The required output is the stretch from the line containing "尖沙咀iSQUARE國際廣場" through the line containing "Aluminium ballpoint pen" in the records below, unaltered and with no pictures.
::::
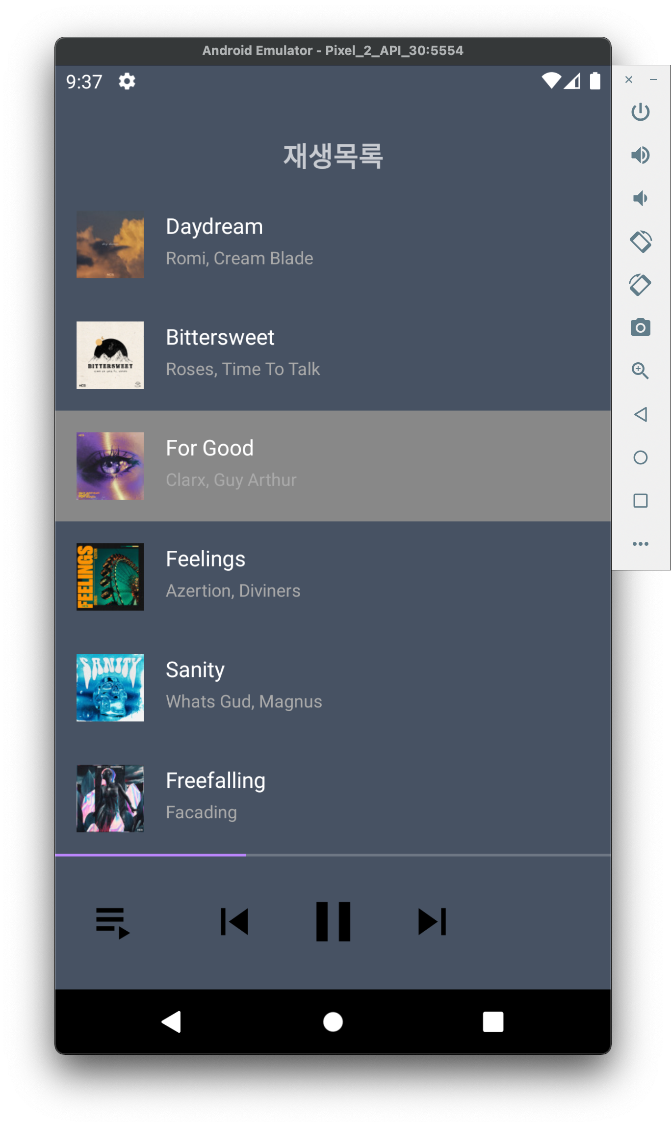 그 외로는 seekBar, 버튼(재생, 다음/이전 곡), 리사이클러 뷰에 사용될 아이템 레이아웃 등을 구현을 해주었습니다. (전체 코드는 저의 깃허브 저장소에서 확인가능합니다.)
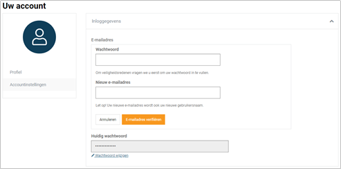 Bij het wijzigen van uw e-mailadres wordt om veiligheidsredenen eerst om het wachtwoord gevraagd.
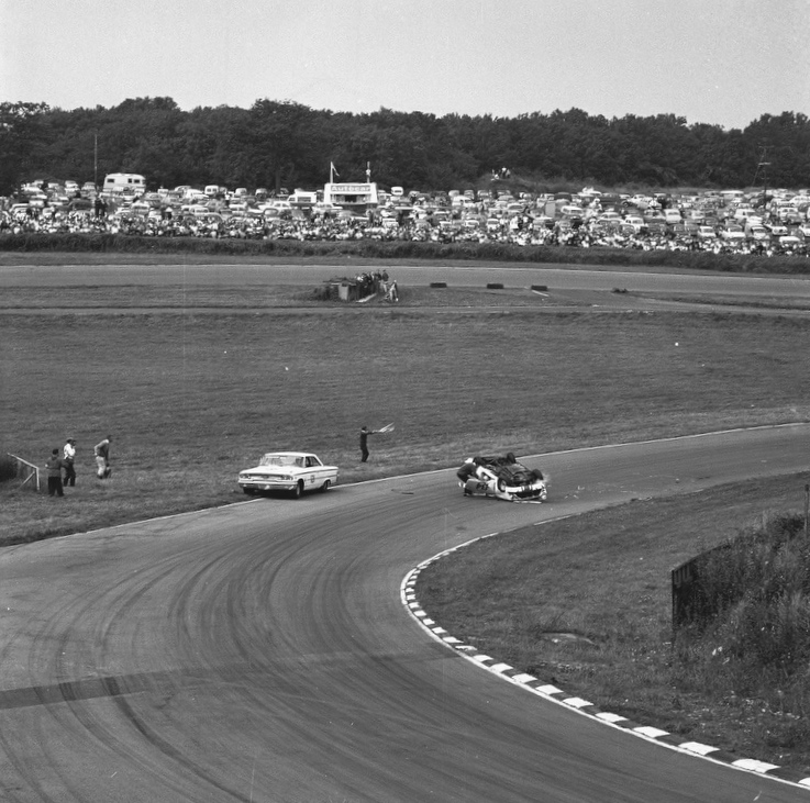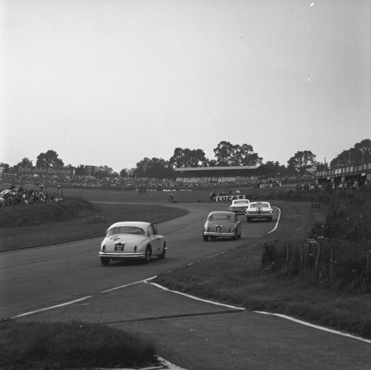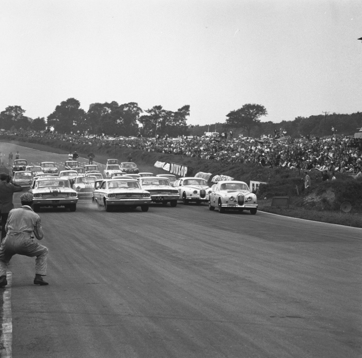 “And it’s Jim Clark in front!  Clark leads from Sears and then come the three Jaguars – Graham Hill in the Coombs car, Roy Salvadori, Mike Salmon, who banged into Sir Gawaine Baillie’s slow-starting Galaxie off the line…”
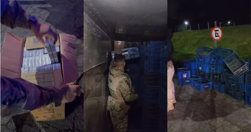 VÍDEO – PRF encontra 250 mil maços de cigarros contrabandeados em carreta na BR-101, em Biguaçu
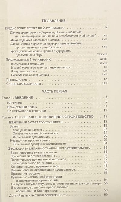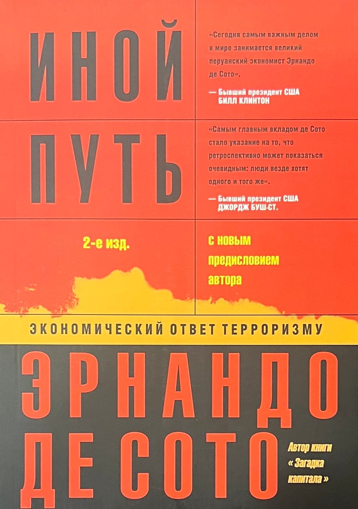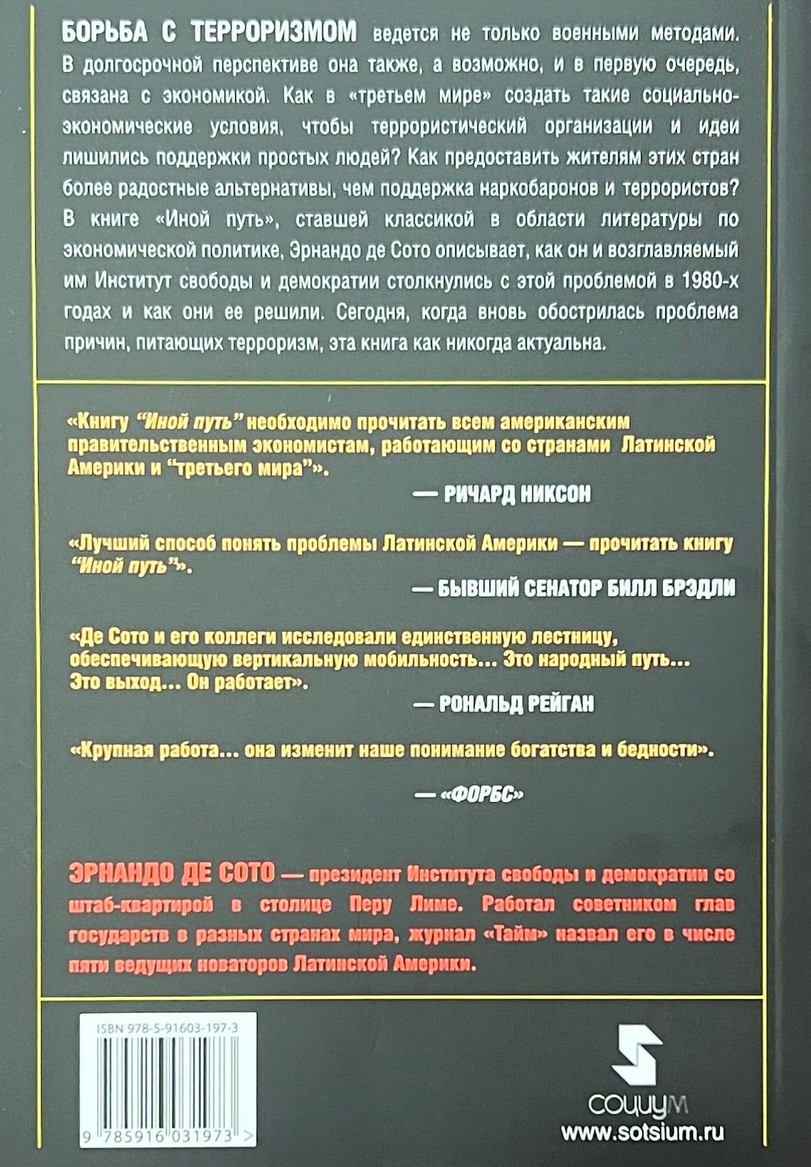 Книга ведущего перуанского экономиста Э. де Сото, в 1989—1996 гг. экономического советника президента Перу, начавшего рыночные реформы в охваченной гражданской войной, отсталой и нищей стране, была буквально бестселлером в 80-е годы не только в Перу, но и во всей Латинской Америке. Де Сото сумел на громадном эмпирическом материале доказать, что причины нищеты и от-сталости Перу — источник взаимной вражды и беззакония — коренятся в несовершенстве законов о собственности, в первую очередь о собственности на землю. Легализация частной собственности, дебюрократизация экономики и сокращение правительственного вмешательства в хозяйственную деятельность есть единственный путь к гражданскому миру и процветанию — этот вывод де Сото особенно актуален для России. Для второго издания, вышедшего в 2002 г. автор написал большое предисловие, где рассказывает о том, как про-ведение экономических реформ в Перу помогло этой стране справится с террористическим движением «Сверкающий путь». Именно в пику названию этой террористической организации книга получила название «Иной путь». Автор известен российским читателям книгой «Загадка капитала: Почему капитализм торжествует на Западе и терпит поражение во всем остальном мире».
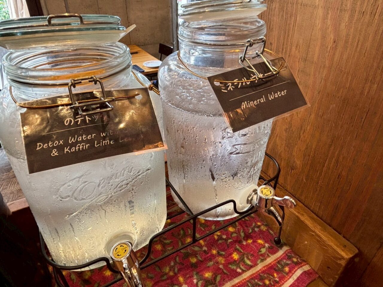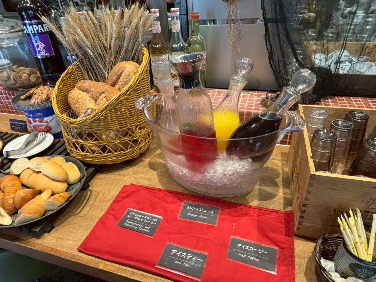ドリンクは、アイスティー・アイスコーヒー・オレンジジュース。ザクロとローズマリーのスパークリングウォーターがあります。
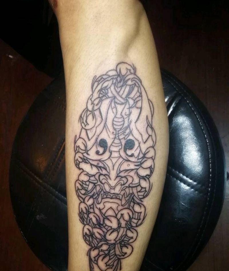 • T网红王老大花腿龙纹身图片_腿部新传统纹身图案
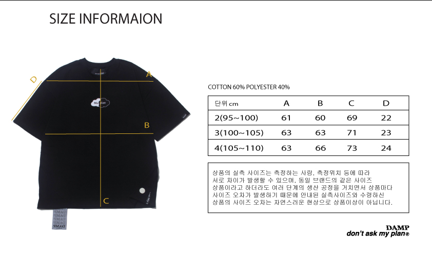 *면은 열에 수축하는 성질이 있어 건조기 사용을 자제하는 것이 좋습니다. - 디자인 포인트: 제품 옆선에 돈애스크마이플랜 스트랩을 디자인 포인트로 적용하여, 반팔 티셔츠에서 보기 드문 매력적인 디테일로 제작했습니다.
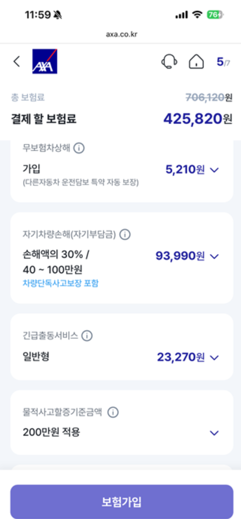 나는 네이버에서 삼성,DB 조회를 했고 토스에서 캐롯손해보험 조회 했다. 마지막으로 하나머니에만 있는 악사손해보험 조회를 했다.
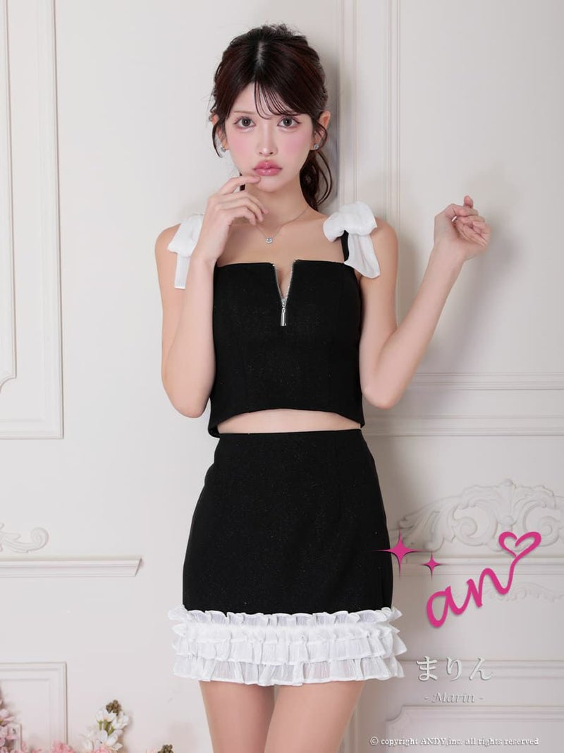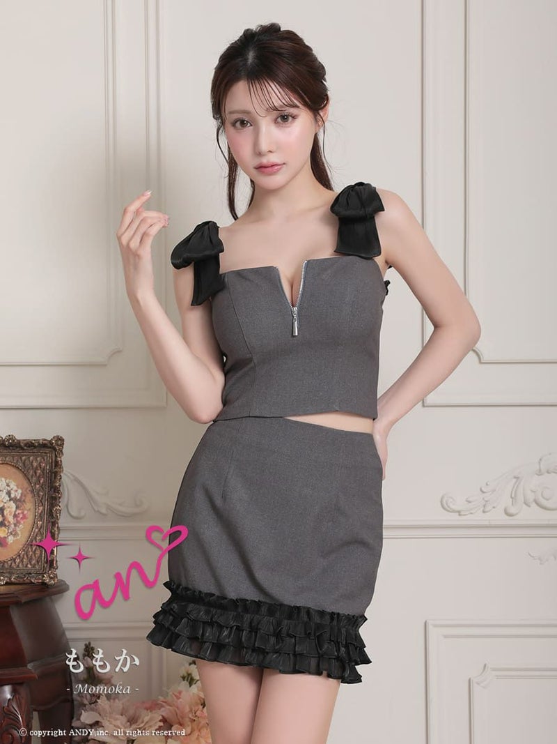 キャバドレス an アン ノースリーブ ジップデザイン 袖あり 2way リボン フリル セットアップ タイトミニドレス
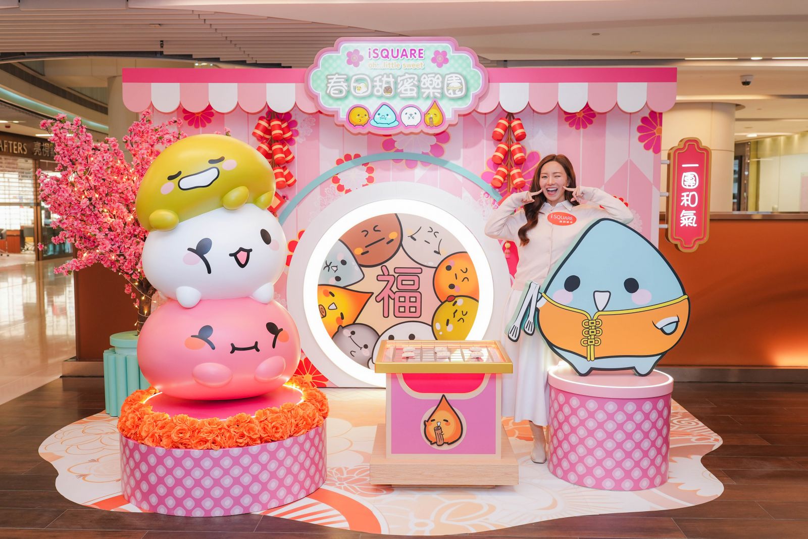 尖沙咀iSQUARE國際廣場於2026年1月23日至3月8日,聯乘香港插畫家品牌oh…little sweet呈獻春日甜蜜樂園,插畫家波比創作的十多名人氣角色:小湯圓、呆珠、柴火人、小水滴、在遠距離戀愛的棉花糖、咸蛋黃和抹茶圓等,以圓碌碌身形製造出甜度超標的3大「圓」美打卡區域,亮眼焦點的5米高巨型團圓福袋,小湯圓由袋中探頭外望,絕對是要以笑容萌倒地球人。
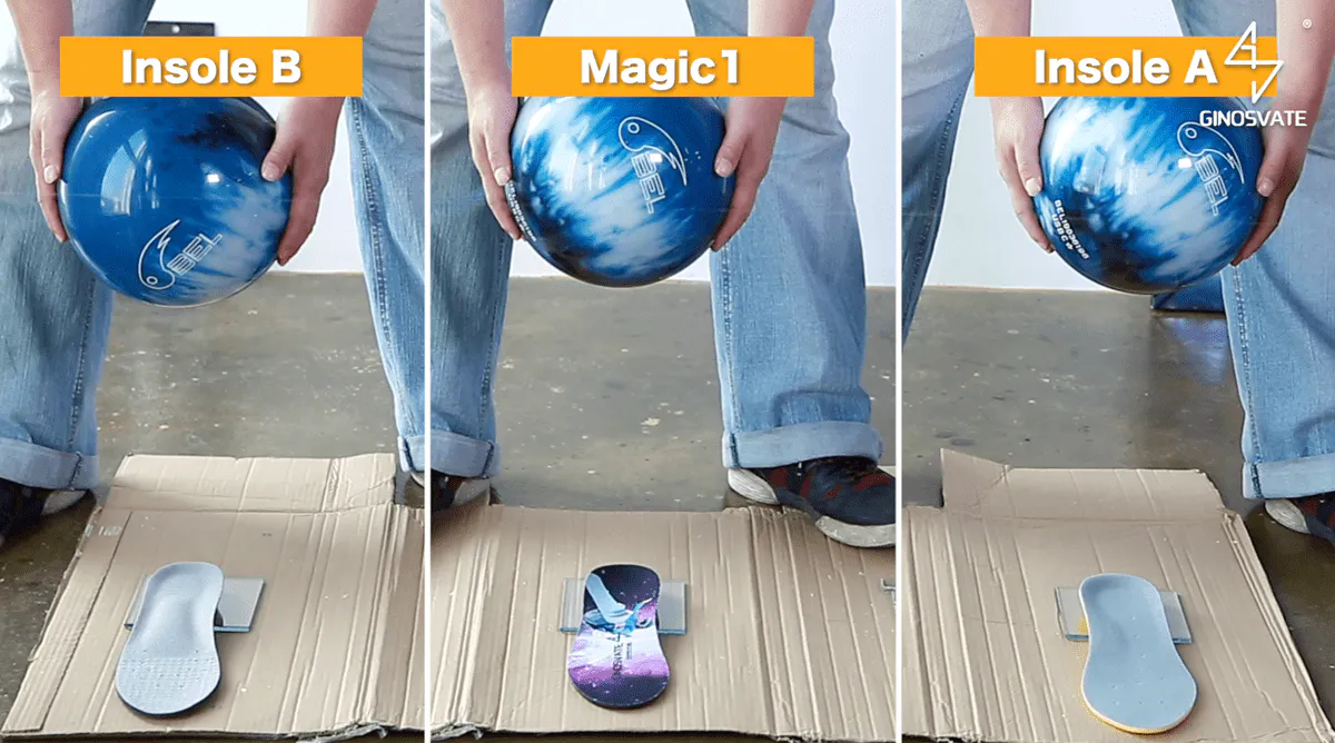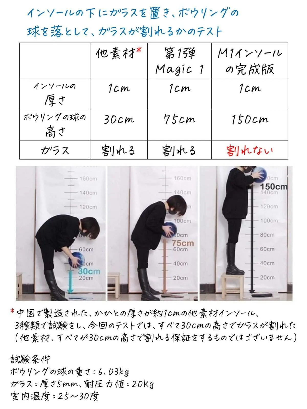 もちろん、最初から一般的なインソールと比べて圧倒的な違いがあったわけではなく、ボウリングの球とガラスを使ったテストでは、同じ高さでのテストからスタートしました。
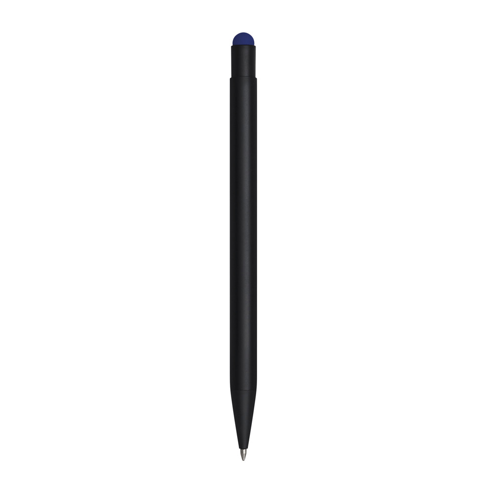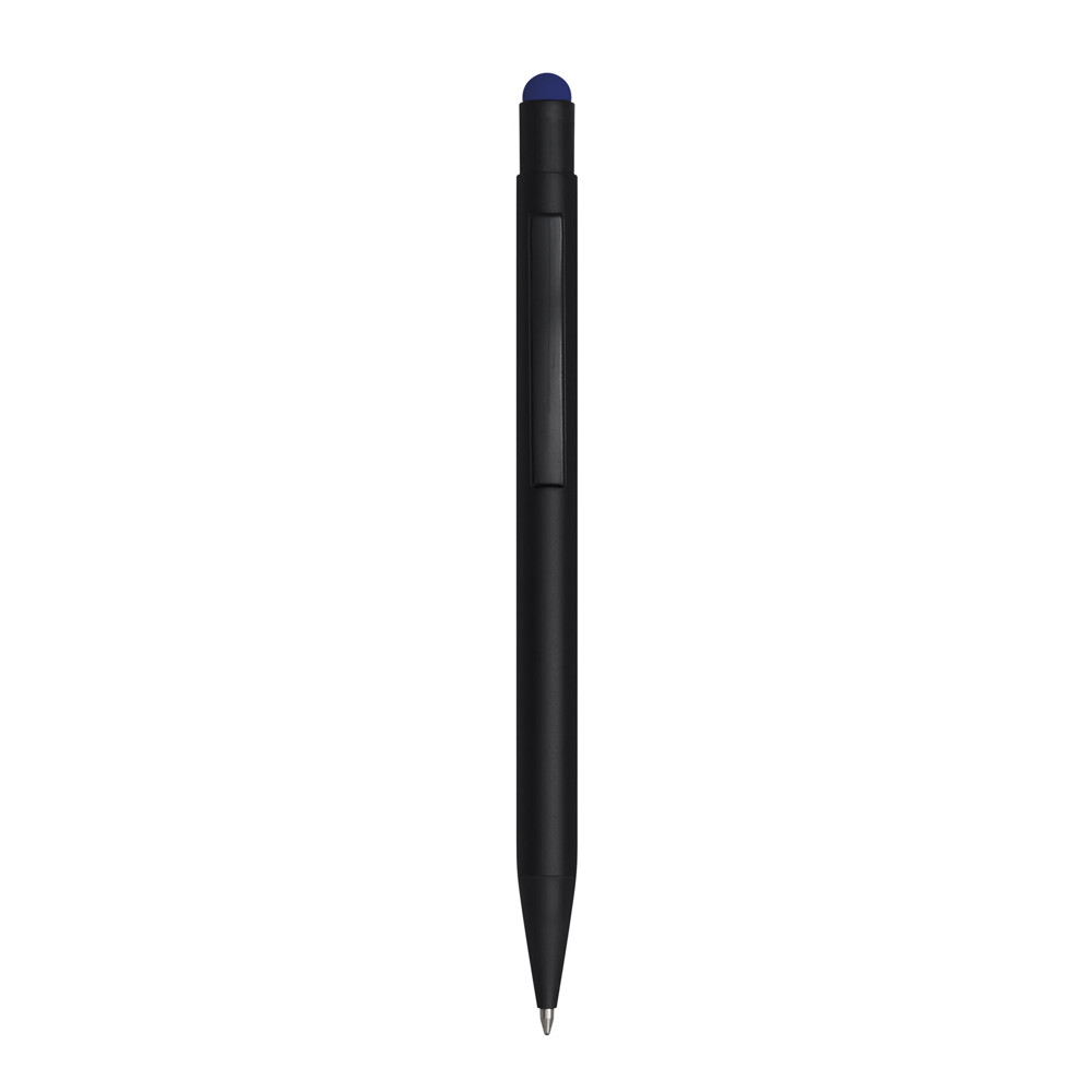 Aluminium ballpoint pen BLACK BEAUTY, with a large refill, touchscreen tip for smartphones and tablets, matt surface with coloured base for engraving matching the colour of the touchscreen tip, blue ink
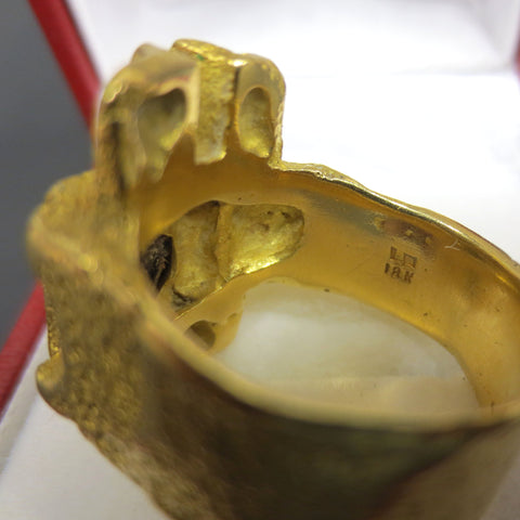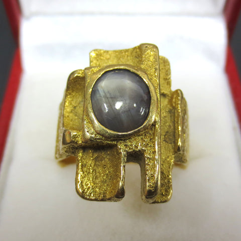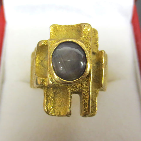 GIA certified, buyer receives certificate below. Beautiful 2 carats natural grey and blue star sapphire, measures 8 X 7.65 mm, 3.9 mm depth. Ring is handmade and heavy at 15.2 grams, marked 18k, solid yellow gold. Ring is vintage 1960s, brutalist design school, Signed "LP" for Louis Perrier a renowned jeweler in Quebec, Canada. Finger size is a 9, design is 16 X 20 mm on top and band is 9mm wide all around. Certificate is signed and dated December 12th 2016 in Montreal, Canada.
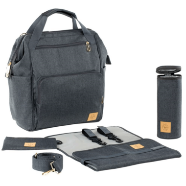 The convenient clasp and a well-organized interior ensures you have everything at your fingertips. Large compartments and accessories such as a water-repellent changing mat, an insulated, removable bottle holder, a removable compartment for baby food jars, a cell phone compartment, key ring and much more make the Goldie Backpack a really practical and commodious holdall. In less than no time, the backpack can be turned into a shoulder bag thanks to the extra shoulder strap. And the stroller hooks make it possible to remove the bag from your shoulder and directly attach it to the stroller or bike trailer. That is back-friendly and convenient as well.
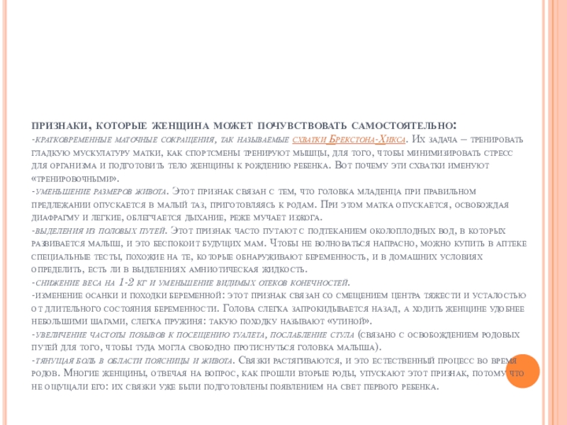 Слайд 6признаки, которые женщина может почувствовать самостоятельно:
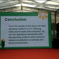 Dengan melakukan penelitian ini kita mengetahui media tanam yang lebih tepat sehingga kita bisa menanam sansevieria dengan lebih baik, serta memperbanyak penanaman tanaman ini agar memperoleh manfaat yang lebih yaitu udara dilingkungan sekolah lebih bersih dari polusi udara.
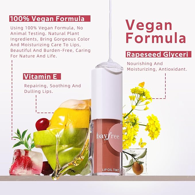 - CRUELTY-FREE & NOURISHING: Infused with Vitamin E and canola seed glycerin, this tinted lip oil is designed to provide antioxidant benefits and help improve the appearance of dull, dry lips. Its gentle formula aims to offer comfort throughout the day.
::::
THE ANSWER:
 尖沙咀iSQUARE國際廣場於2026年1月23日至3月8日,聯乘香港插畫家品牌oh…little sweet呈獻春日甜蜜樂園,插畫家波比創作的十多名人氣角色:小湯圓、呆珠、柴火人、小水滴、在遠距離戀愛的棉花糖、咸蛋黃和抹茶圓等,以圓碌碌身形製造出甜度超標的3大「圓」美打卡區域,亮眼焦點的5米高巨型團圓福袋,小湯圓由袋中探頭外望,絕對是要以笑容萌倒地球人。
 もちろん、最初から一般的なインソールと比べて圧倒的な違いがあったわけではなく、ボウリングの球とガラスを使ったテストでは、同じ高さでのテストからスタートしました。
 Aluminium ballpoint pen BLACK BEAUTY, with a large refill, touchscreen tip for smartphones and tablets, matt surface with coloured base for engraving matching the colour of the touchscreen tip, blue ink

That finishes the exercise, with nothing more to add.